Your objective. Output the data in full. Keep every word exact and exclude the pictures.

Information supplied.
——

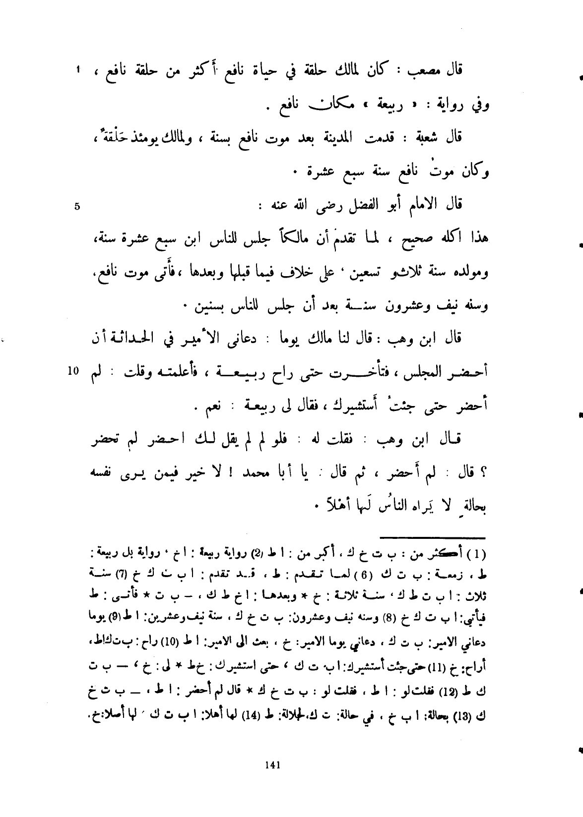 قال الإمام أبو الفضل رضي الله عنه: هذا كله صحيح، وقد تقدم أن مالكاً جلس للناس ابن سبع عشرة سنة، ومولده سنة ثلاث وتسعين على خلاف فيما قبلها، فيأتي موت نافع وسنه نيف وعشرون سنة، بعد أن جلس للناس بسنتين.
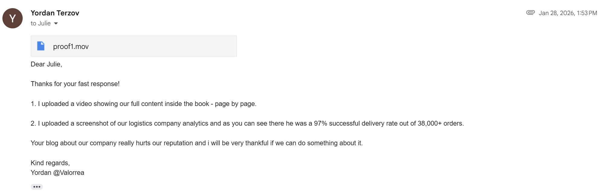 The first email contact Yordan should have sent out was not a boilerplate defamation threat. It should have been a friendly email asking if we could talk about the blog post and the concerns he had with it. You catch more flies with honey. His approach immediately put me on the defensive and, as you’ll see, made me dig further.
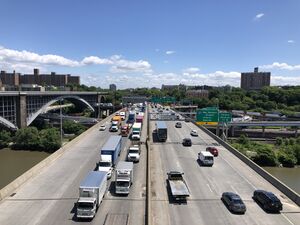 After the George Washington Bridge, which connects Manhattan and New Jersey was completed in 1931, vehicles traveling between New Jersey and The Bronx would travel over the Washington Bridge, which crosses the Harlem River just north of the present Alexander Hamilton Bridge.[6] The Alexander Hamilton Bridge was planned in the mid-1950s to connect Robert Moses' proposed Trans-Manhattan and Cross-Bronx Expressways and to accommodate the additional traffic resulting from the addition of the six-lane lower level to the George Washington Bridge.[5][7] With the Interstate designation, 90% of the $21 million in construction costs were covered by the federal government. The bridge opened on January 15, 1963.[2]
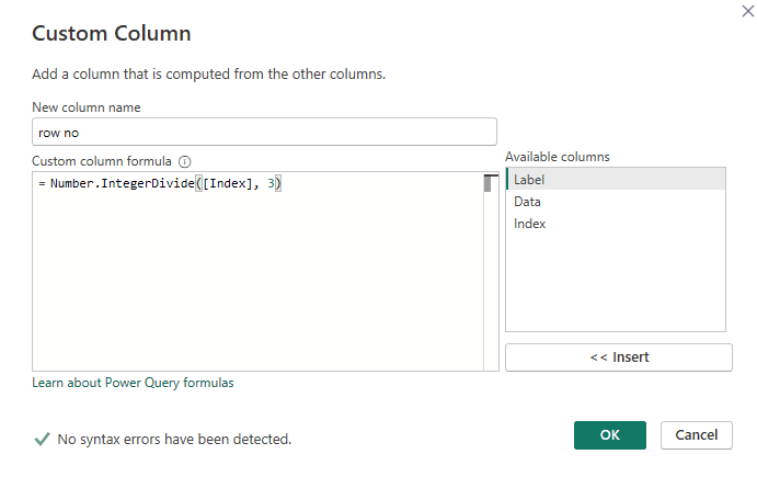 Insert this formula. Here we are saying that we are dividing the Index column by 3. Click OK.

——

Task answer.
 قال الإمام أبو الفضل رضي الله عنه: هذا كله صحيح، وقد تقدم أن مالكاً جلس للناس ابن سبع عشرة سنة، ومولده سنة ثلاث وتسعين على خلاف فيما قبلها، فيأتي موت نافع وسنه نيف وعشرون سنة، بعد أن جلس للناس بسنتين.
 The first email contact Yordan should have sent out was not a boilerplate defamation threat. It should have been a friendly email asking if we could talk about the blog post and the concerns he had with it. You catch more flies with honey. His approach immediately put me on the defensive and, as you’ll see, made me dig further.
 After the George Washington Bridge, which connects Manhattan and New Jersey was completed in 1931, vehicles traveling between New Jersey and The Bronx would travel over the Washington Bridge, which crosses the Harlem River just north of the present Alexander Hamilton Bridge.[6] The Alexander Hamilton Bridge was planned in the mid-1950s to connect Robert Moses' proposed Trans-Manhattan and Cross-Bronx Expressways and to accommodate the additional traffic resulting from the addition of the six-lane lower level to the George Washington Bridge.[5][7] With the Interstate designation, 90% of the $21 million in construction costs were covered by the federal government. The bridge opened on January 15, 1963.[2]
 Insert this formula. Here we are saying that we are dividing the Index column by 3. Click OK.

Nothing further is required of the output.